__TRY IT__.
In your copy, leave out the pictures and output only the lines from the one holding "簽約儀式后,舉行山西省交通規" through the end of the data below, exactly.

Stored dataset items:
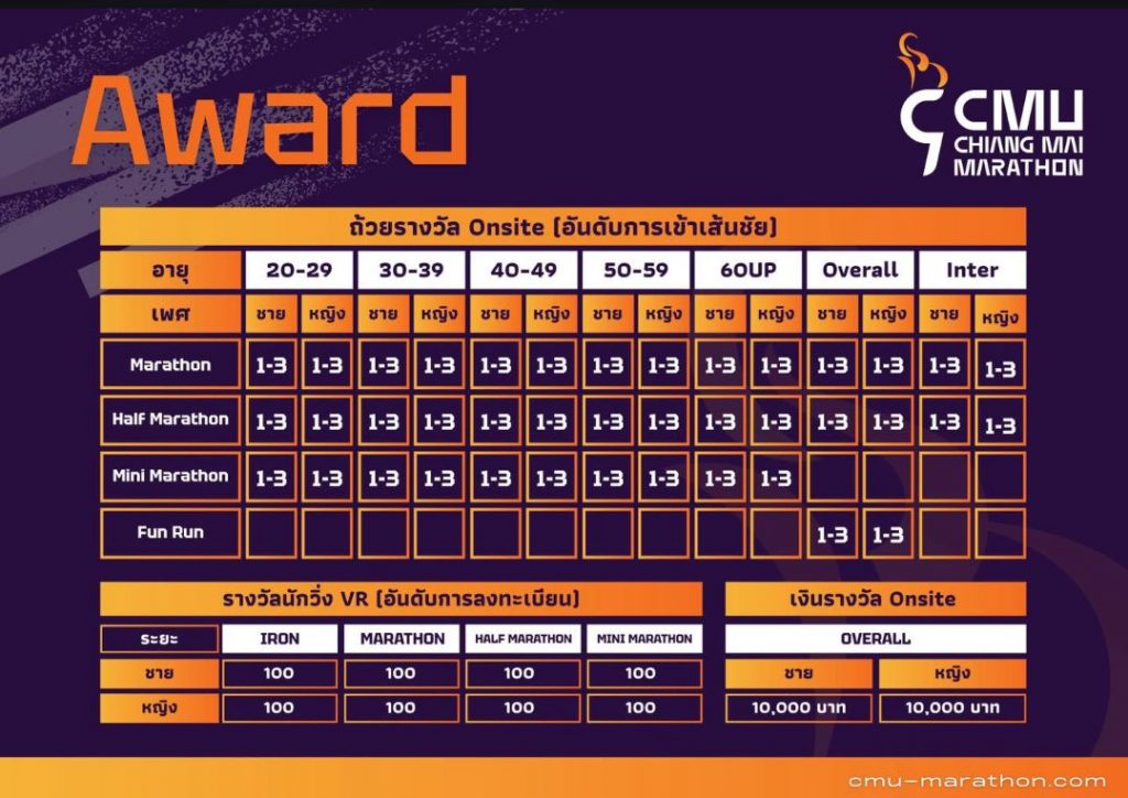 สามารถติดตามรายละเอียดเส้นทางการแข่งขัน สิทธิประโยชน์นักวิ่ง ขั้นตอนการสมัครและข้อมูลสำคัญเพิ่มเติมได้ที่ Facebook Page: CMU Marathon และเว็บไซต์ www.cmu-marathon.com
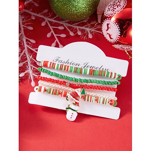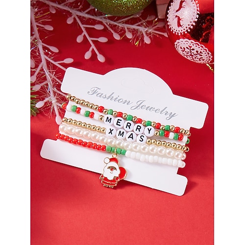 braccialetti natalizi con perline da donna, in lega e acrilico, nei colori festivi rosso, verde e bianco, gioielli natalizi con fiocchi di neve, ciondoli a forma di Babbo Natale e albero di Natale
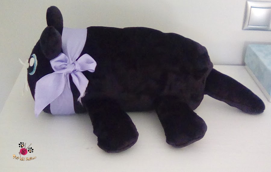 Vale, sí, admito que me he entretenido mucho haciendo este gato. Pero entre que no he tenido tiempo y que he ido a contrareloj, me ha salido un pelín regular.....por no decir que es mejorable. Pero, oye, para ser el primer peluche grande que hago en mi vida me satisface mucho que a las personas de mi alrededor les haya gustado.
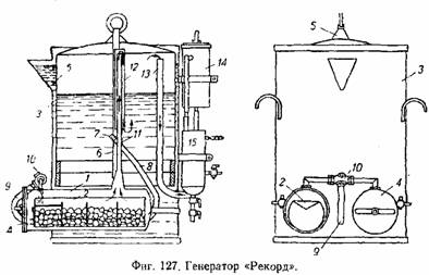 Реторты вварены в корпус 3 генератора и плотно закрываются крышками 4. Газгольдером служит плавающий колокол 5, имеющий предохранительную трубку 6 с открытыми концами. Нижний конец этой трубки погружён в воду, а верхний сообщается с атмосферой. К трубке 6 приварен патрубок 7 и на него надет резиновый шланг 8; другой конец шланга надет на трубку 9. Через трубку 9 и трёхходовой кран 10 можно подавать воду в одну из реторт, работающих попеременно, или прекращать подачу воды.
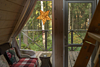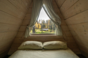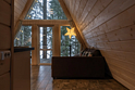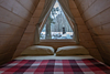 Удобная лестница-трансформер ведет в уютный лофт (9 м²), где располагается полноценное двуспальное место с треугольным окошком и шторами.
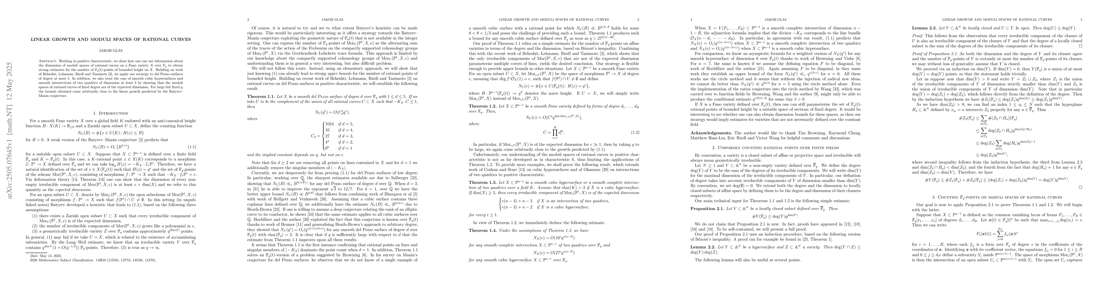 Working in positive characteristic, we show how one can use information about the dimension of moduli spaces of rational curves on a Fano variety $X$ over $\mathbb{F}_q$ to obtain strong estimates for the number of $\mathbb{F}_q(t)$-points of bounded height on $X$. Building on work of Beheshti, Lehmann, Riedl and Tanimoto~\cite{BeheshtiLehmannRiedlTanimoto.dP}, we apply our strategy to del Pezzo surfaces of degree at most 5. In addition, we also treat the case of smooth cubic hypersurfaces and smooth intersections of two quadrics of dimension at least 3 by showing that the moduli spaces of rational curves of fixed degree are of the expected dimension. For large but fixed $q$, the bounds obtained come arbitrarily close to the linear growth predicted by the Batyrev--Manin conjecture.
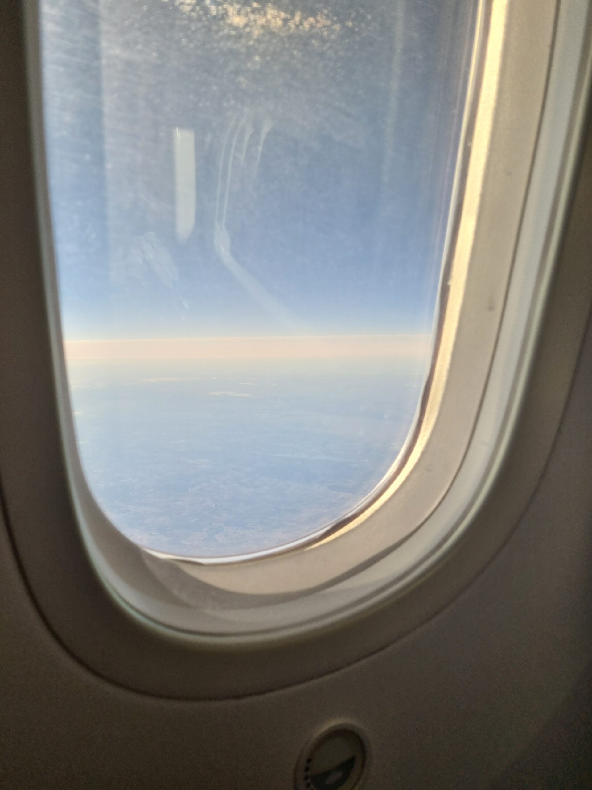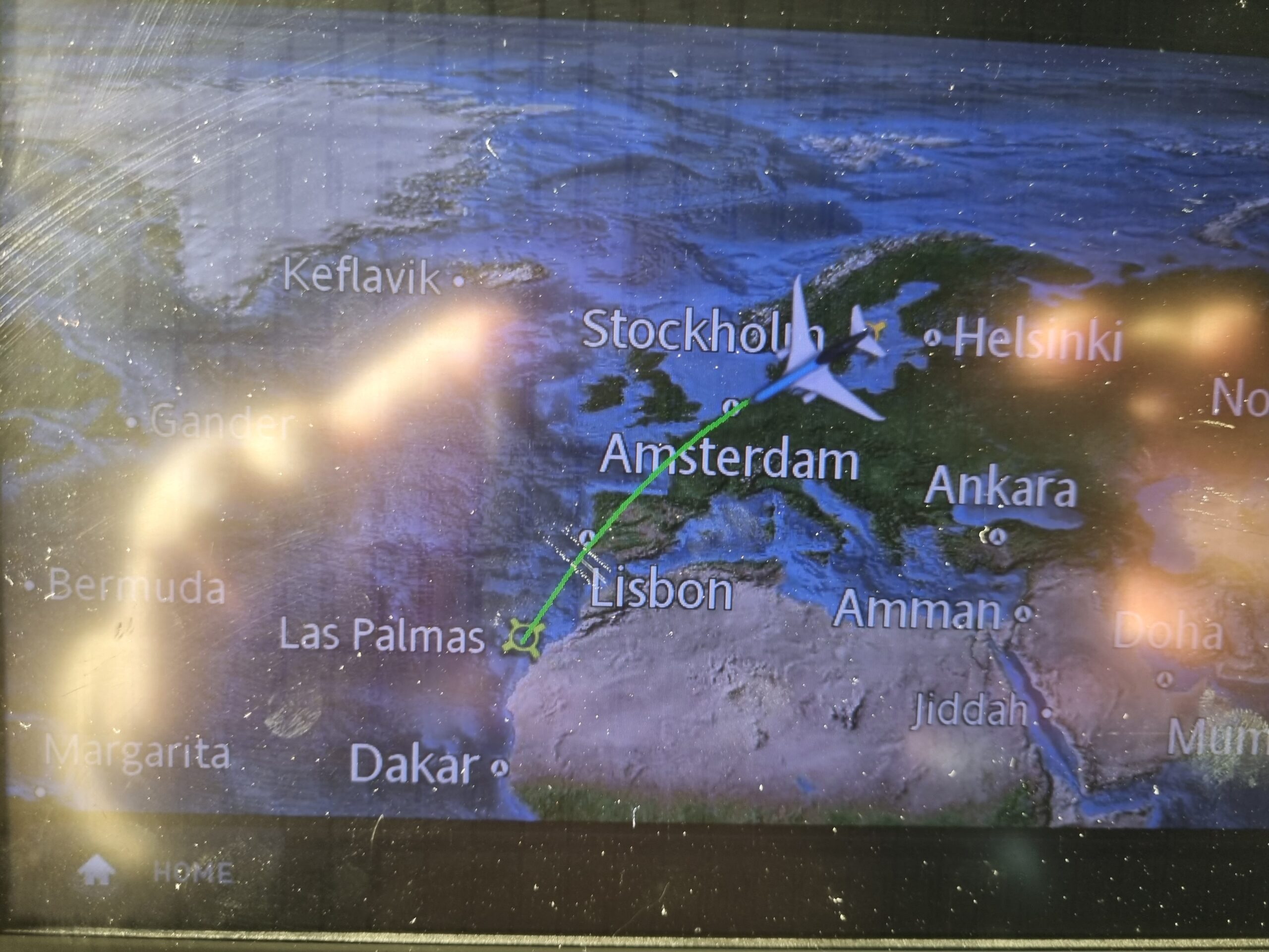 Jag hade turen att få åka en Dreamliner till Gran Canaria. Ett stort flygplan som tar ungefär 300 passagerare. Fönstren är ganska stora och man reglerar med en knapp under fönstret hur mörka de ska vara. Opacitet tror jag det heter. Får kolla upp det. Fönstren blir i alla fall mörkare och inte lika genomskinliga då man trycker några gånger på knappen. Så ersatte de fönsterskydden man på andra plan drar ner då solen skiner för mycket ovanför molnen.
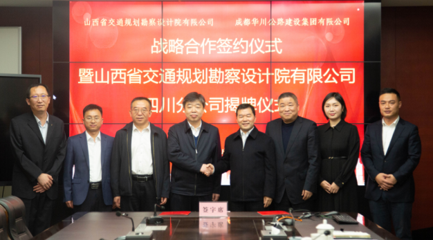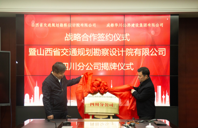 簽約儀式后,舉行山西省交通規(guī)劃勘察設計院有限公司四川分公司揭牌儀式,集團董事長、總經理、黨委書記謝應文受邀揭牌。
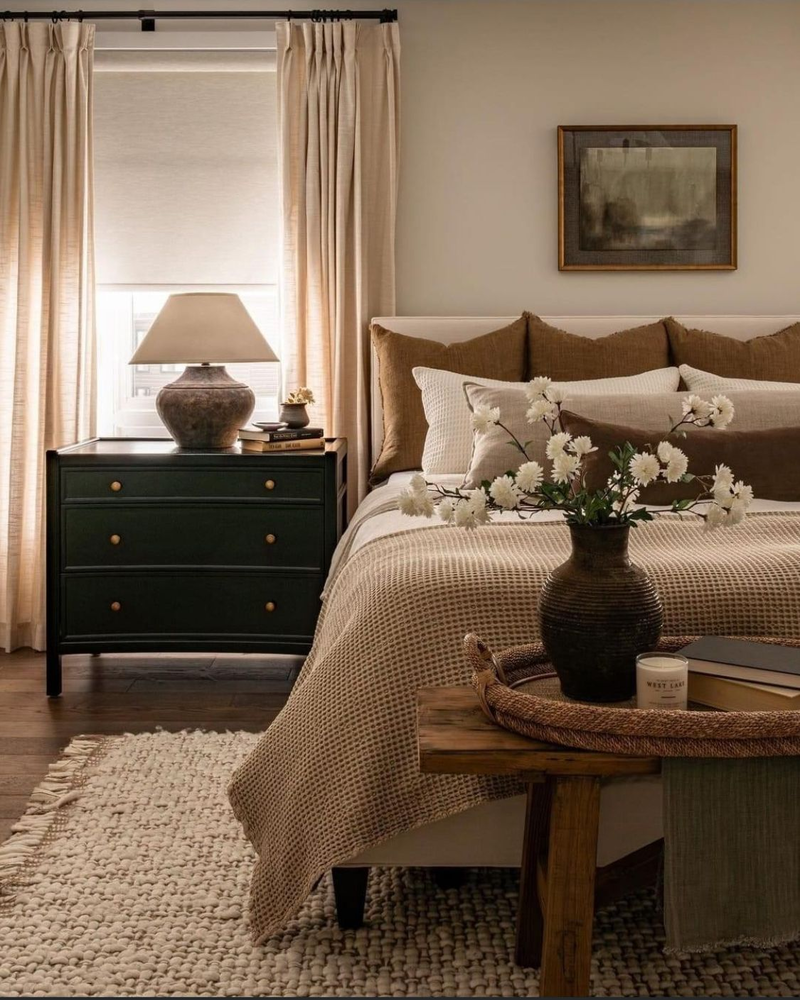 🧩 Фишка: на полу всегда должно быть что-то тёплое или фактурное. Даже маленький коврик у кровати создаёт «тот самый» уют.
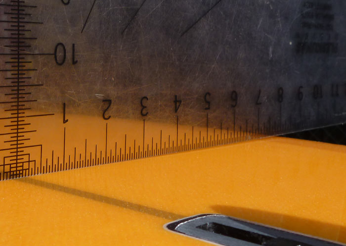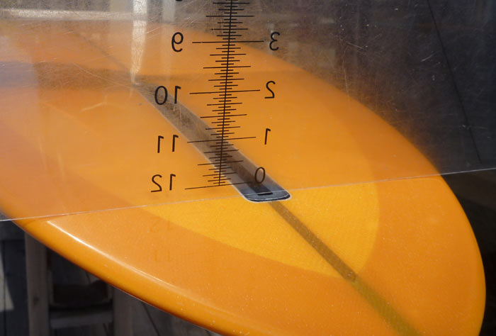 ここからが面白いのです。フィンの前にはしっかり入っていたVEEは、フィンBOXから後方へかけてまた緩くなってほぼフラットな状態になっています。
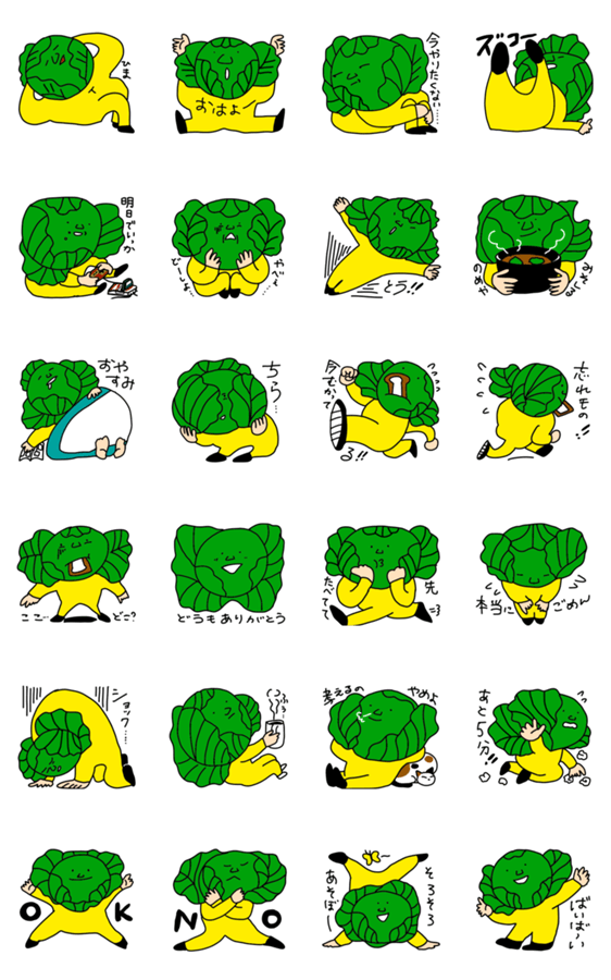 | スタンプ説明 | 「初めまして、キャベツのたまぞうです。趣味は漫画を読むこと。好きな食べ物は味噌汁です。」 |

__OUTPUT OF THE TASK__.
 簽約儀式后,舉行山西省交通規(guī)劃勘察設計院有限公司四川分公司揭牌儀式,集團董事長、總經理、黨委書記謝應文受邀揭牌。
 🧩 Фишка: на полу всегда должно быть что-то тёплое или фактурное. Даже маленький коврик у кровати создаёт «тот самый» уют.
 ここからが面白いのです。フィンの前にはしっかり入っていたVEEは、フィンBOXから後方へかけてまた緩くなってほぼフラットな状態になっています。
 | スタンプ説明 | 「初めまして、キャベツのたまぞうです。趣味は漫画を読むこと。好きな食べ物は味噌汁です。」 |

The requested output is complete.